* [WHAT TO PRODUCE]:
Exactly as they appear below, repeat the lines from the one with "12月21日,纪念思想政治教" through the one with "El fuego afectó". Drop every picture.

* [DATA IN THIS EXERCISE]:
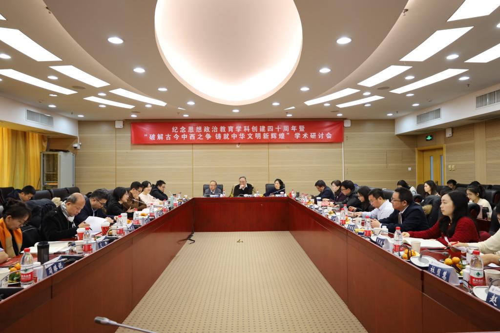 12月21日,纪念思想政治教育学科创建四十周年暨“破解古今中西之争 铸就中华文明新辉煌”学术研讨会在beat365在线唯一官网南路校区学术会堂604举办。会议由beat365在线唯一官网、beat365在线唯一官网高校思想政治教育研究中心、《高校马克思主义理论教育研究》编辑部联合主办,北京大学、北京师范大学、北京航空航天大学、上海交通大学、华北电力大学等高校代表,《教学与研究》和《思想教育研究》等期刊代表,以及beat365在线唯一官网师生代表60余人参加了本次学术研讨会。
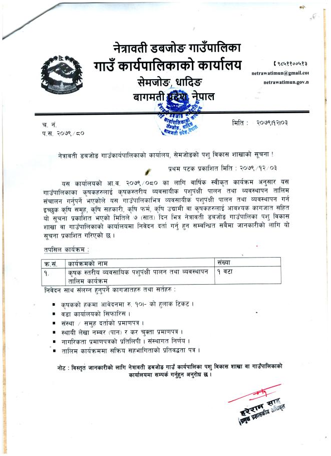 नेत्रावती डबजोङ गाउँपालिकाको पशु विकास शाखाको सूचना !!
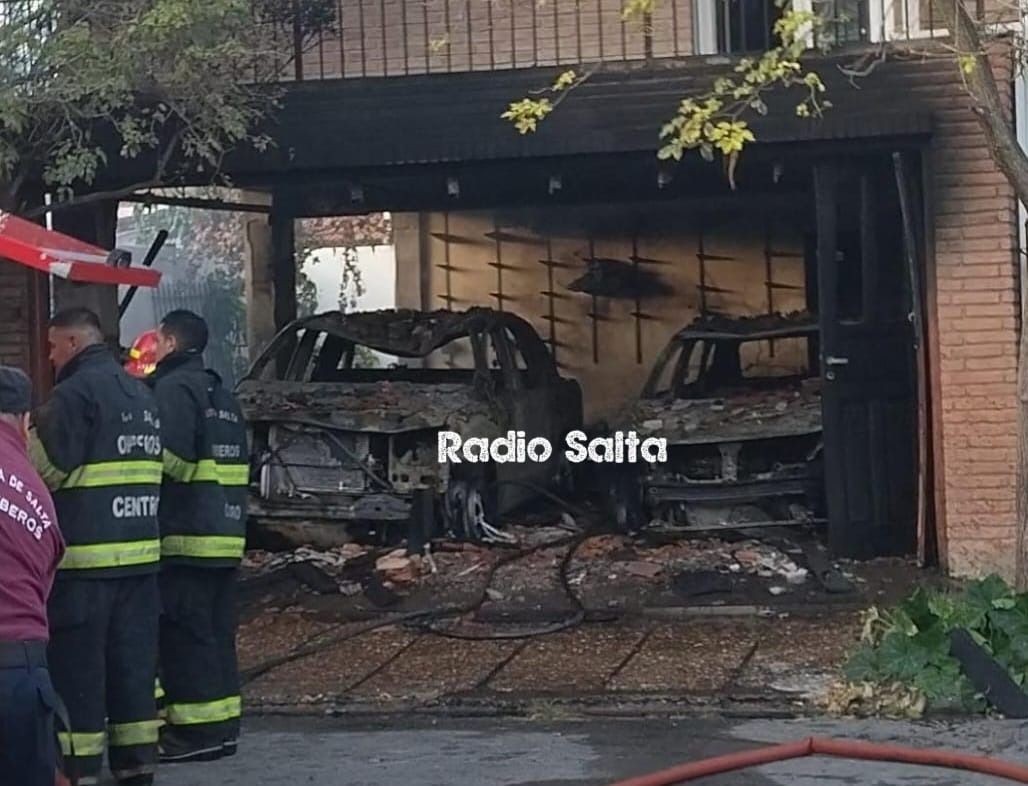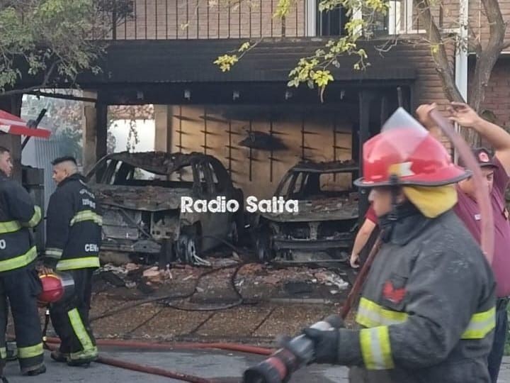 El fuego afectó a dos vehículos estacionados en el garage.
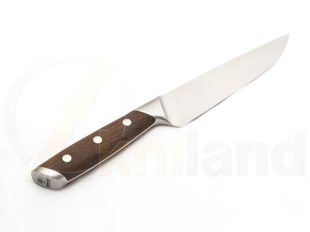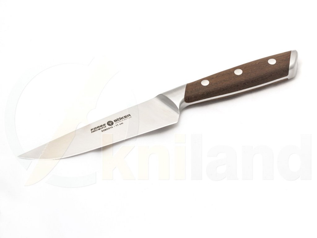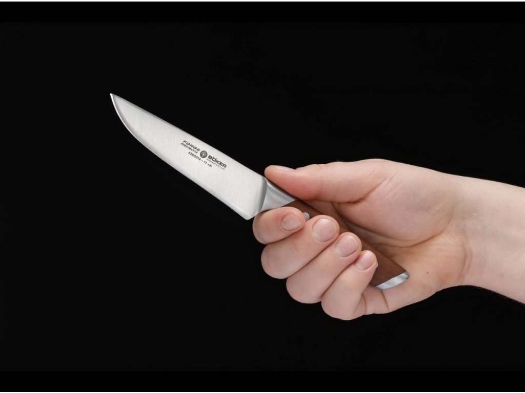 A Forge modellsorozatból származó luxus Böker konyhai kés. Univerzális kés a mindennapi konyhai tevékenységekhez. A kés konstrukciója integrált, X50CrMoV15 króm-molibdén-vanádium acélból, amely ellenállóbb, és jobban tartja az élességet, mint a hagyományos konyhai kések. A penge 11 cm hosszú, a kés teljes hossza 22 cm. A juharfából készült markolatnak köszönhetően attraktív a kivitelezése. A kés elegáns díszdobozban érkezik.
* * *
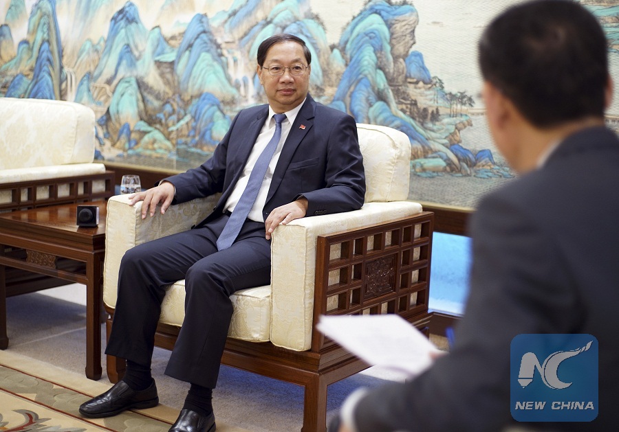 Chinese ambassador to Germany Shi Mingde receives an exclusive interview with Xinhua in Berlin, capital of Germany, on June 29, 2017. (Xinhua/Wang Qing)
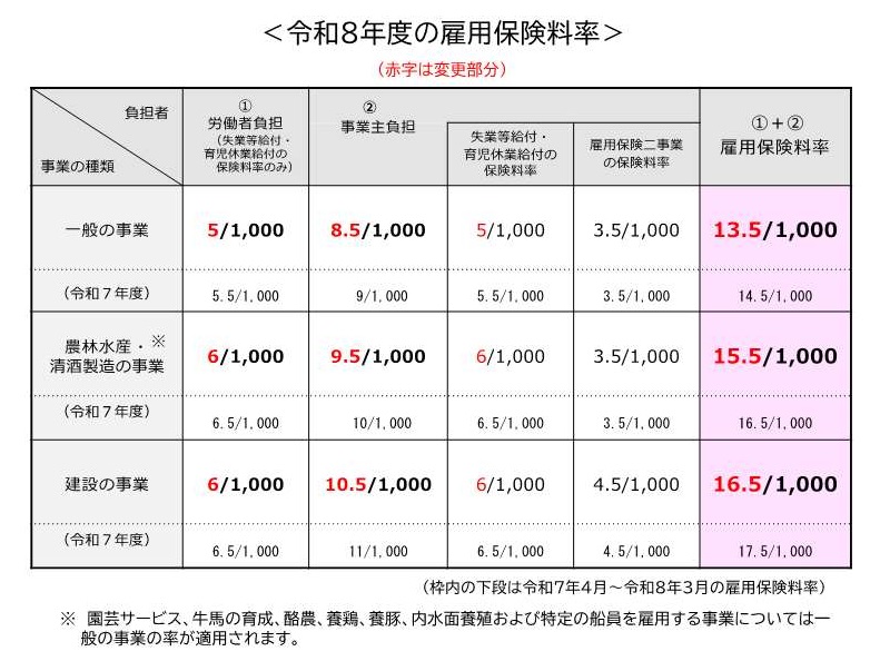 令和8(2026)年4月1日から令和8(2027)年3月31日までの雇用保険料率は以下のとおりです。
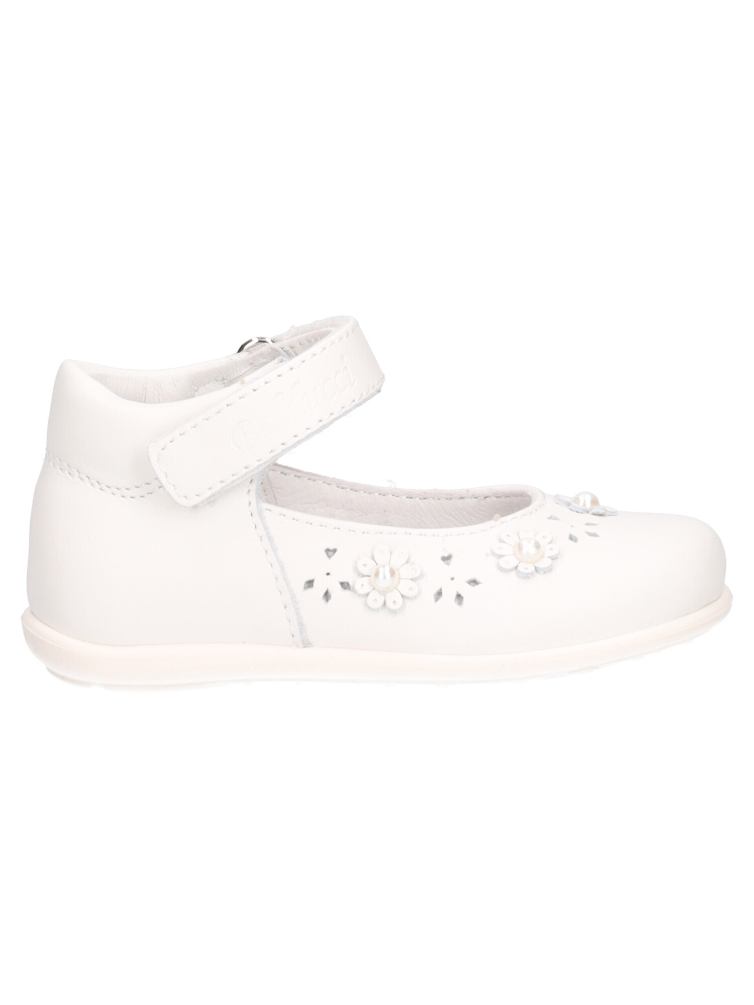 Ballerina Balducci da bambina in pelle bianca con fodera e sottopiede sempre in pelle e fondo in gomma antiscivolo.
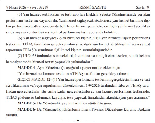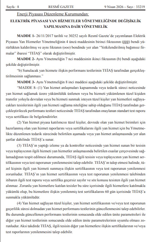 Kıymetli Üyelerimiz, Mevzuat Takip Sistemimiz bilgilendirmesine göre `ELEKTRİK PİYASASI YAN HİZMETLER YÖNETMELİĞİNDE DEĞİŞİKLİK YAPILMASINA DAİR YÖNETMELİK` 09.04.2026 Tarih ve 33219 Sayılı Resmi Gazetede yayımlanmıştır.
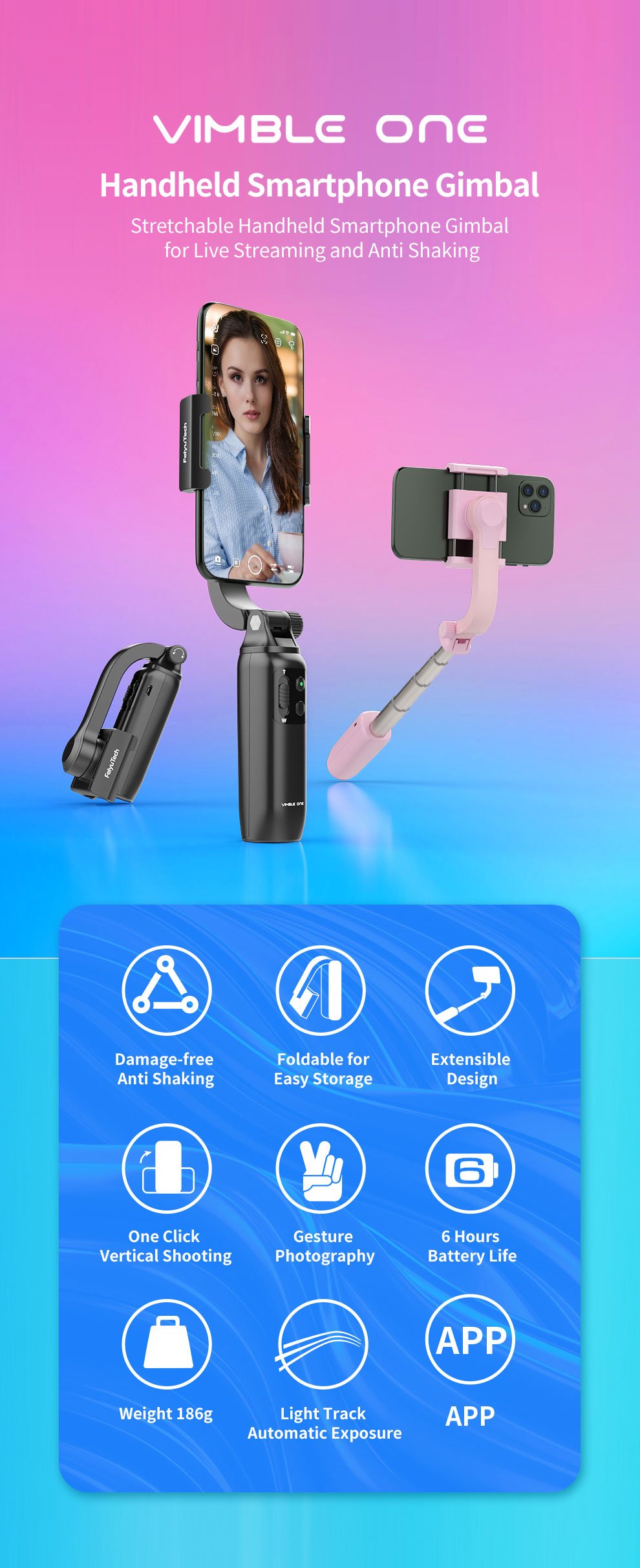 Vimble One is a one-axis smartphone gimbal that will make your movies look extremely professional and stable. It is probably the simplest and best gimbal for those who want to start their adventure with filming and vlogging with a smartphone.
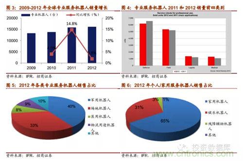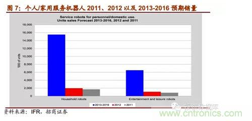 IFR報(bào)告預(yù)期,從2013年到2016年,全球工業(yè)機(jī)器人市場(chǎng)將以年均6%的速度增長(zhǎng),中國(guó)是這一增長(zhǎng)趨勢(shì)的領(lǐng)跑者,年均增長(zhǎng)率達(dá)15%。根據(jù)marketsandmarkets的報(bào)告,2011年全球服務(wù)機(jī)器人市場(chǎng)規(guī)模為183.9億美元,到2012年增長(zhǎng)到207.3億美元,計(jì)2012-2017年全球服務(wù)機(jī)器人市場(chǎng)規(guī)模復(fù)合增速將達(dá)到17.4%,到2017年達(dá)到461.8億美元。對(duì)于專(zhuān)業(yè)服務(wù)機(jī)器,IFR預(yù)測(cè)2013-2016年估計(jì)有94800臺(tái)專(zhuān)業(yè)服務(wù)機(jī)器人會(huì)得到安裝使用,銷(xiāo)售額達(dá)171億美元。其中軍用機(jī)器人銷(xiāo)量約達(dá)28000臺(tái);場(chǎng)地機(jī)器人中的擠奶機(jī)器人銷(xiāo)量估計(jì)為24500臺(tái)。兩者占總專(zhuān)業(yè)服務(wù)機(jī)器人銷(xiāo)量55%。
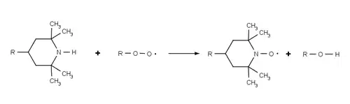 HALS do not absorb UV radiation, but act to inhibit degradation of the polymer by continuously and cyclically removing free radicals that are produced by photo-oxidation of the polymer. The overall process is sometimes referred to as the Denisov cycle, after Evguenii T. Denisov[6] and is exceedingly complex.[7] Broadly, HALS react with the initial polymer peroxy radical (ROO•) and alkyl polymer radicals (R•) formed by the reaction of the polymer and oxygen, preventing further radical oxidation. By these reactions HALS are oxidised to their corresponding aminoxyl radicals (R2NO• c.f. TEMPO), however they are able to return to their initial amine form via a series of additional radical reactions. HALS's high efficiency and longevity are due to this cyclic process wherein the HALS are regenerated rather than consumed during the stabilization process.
--
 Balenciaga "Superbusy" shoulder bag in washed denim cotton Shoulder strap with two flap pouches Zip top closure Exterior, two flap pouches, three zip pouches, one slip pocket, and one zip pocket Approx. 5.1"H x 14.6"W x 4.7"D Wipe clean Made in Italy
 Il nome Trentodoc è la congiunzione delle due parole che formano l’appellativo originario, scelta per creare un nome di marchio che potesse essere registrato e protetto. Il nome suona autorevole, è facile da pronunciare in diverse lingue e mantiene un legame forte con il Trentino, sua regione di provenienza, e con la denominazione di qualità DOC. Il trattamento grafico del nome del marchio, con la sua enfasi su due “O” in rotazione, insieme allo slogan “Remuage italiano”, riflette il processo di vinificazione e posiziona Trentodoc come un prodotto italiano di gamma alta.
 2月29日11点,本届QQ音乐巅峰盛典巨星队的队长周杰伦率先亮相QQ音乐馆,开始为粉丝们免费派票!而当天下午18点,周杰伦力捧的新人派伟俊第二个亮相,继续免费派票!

* [EXERCISE ANSWER]:
 12月21日,纪念思想政治教育学科创建四十周年暨“破解古今中西之争 铸就中华文明新辉煌”学术研讨会在beat365在线唯一官网南路校区学术会堂604举办。会议由beat365在线唯一官网、beat365在线唯一官网高校思想政治教育研究中心、《高校马克思主义理论教育研究》编辑部联合主办,北京大学、北京师范大学、北京航空航天大学、上海交通大学、华北电力大学等高校代表,《教学与研究》和《思想教育研究》等期刊代表,以及beat365在线唯一官网师生代表60余人参加了本次学术研讨会。
 नेत्रावती डबजोङ गाउँपालिकाको पशु विकास शाखाको सूचना !!
 El fuego afectó a dos vehículos estacionados en el garage.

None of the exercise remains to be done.